I have a data set with many columns (DATA_OLD) in which I want to exchange all values based on an allocation list with many entries (KEY).
Every value in DATA_OLD should be replaced by its counterpart (can be seen in KEY) to create DATA_NEW.
For simplicity, the example here contains a short KEY and DATA_OLD set. In reality, there are >2500 rows in KEY and >100 columns in DATA_OLD. Therefore, an approach that can be applied to the whole data set simultaneously without calling each colname of DATA_OLD is important.
KEY:
| old | new |
|---|---|
| 1 | 1 |
| 3 | 2 |
| 7 | 3 |
| 12 | 4 |
| 55 | 5 |
Following this example, every value "1" should be replaced with another value "1". Every value "3" should be replaced with value "2". Every value "7" should be replaced with value "3".
DATA_OLD (START):
| var1 | var2 | var3 |
|---|---|---|
| NA | 3 | NA |
| NA | 55 | NA |
| 1 | NA | NA |
| NA | NA | NA |
| 3 | NA | NA |
| 55 | NA | 12 |
DATA_NEW (RESULT):
| var1 | var2 | var3 |
|---|---|---|
| NA | 2 | NA |
| NA | 5 | NA |
| 1 | NA | NA |
| NA | NA | NA |
| 2 | NA | NA |
| 5 | NA | 4 |
Here reproducible data:
KEY<-structure(list(old = c(1, 3, 7, 12, 55), new = c(1, 2, 3, 4,
5)), class = "data.frame", row.names = c(NA, -5L))
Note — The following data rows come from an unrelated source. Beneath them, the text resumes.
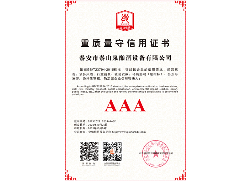 泰安市泰山泉釀酒設(shè)備有限公司,是一家專業(yè)從事釀酒設(shè)備機械化研發(fā)并集技術(shù)咨詢,工程設(shè)計,制造安裝,人員培訓(xùn)及售后服務(wù)為一體的綜合性企業(yè),本公司主要產(chǎn)品為:大曲清香、小曲清香、大曲醬香、大曲濃香等香型白酒機械化設(shè)備。  本公司與中國科學(xué)院自動化研究所簽訂技術(shù)服務(wù)合同,引進先進技術(shù),研究生產(chǎn)全自動化機械釀酒設(shè)備,由中國科學(xué)自動化研究所的技術(shù)支持,打造最先進的生產(chǎn)釀酒設(shè)備,公司有信心打造全國最先進白酒...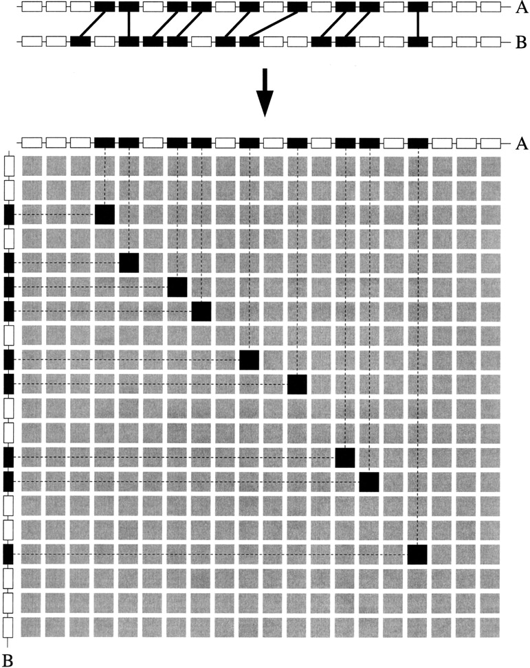 Construction of a gene homology matrix (GHM). The top section shows two collinear genomic segments A and B. Every box denotes a gene. The black boxes connected by lines represent pairs of homologous genes (anchor points). The bottom section shows the actual GHM derived from these two segments. Every column represents a gene of segment A, whereas every row corresponds to a gene of segment B. A cell will contain a nonzero value (i.e., is marked in black) if the gene products of the corresponding row and column are homologous to each other.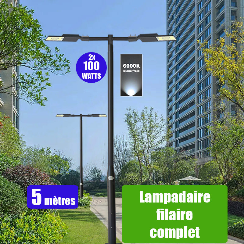 Pack lampadaire filaire complet double tête 5 mètres : 2x Lampes filaires Série FLEX V2 - 100 Watts - 6000k + Mât STANDARD - 5 mètres avec trappe au choix (STANDARD V2 EVO ou STANDARD V4 EVO) + Double tête de mât en ligne ou perpendiculaire

DATA_OLD<-structure(list(var1 = c(NA, NA, 1, NA, 3, 55), var2 = c(3,
55, NA, NA, NA, NA), var3 = c(1, NA, NA, NA, NA, 12)), class = "data.frame", row.names = c(NA, -6L))
DATA_NEW<-structure(list(var1 = c(NA, NA, 1, NA, 2, 5), var2 = c(2,
5, NA, NA, NA, NA), var3 = c(1, NA, NA, NA, NA, 4)), class = "data.frame", row.names = c(NA, -6L))
I have tried back and forth, and it appears that I am completely clueless. Help would be greatly apprecciated! The real data set is quite large...
CodePudding user response:
1) Base R Be careful here since some solutions have the side effect of converting the numeric columns to character or factor or the data frame to something else. A solution using match will generally work. The result of lapply is a list so convert back to data frame.
DATA_OLD |>
lapply(function(x) with(KEY, new[match(x, old)])) |>
as.data.frame()
or
DATA_NEW <- DATA_OLD
DATA_NEW[] <- lapply(DATA_OLD, function(x) with(KEY, new[match(x, old)]))
This last one is easy to convert to act only on some columns
DATA_NEW <- DATA_OLD
ix <- 1:2 # only convert these columns
DATA_NEW[ix] <- lapply(DATA_OLD[ix], function(x) with(KEY, new[match(x, old)]))
2) purrr Alternately use map_dfr which returns a data frame directly:
library(purrr)
map_dfr(DATA_OLD, ~ with(KEY, new[match(.x, old)]))
3) dplyr A dplyr solution using across is the following. If there were some non-numeric columns that should not be converted then replace everything() with where(is.numeric)
library(purrr)
DATA_OLD %>%
mutate(across(everything(), ~ with(KEY, new[match(.x, old)])))
CodePudding user response:
The simplest way to implement a dictionary in R is a named array, where you can use the names as indices:
key <- setNames(KEY$new, KEY$old)
> key
1 3 7 12 55
1 2 3 4 5
The only thing to be mindful of is that the indexing must by done by character, rather than integer:
> key[3]
7
3 # WRONG! This is the 3rd item!
> key["3"]
3
2 # RIGHT! This is the item named "3"
Then you can apply the transformation column-wise. This turns the data into a matrix, but you can simply turn it back.
as.data.frame(apply(DATA_OLD, 2, \(col) key[as.character(col)]))
var1 var2 var3
1 NA 2 1
2 NA 5 NA
3 1 NA NA
4 NA NA NA
5 2 NA NA
6 5 NA 4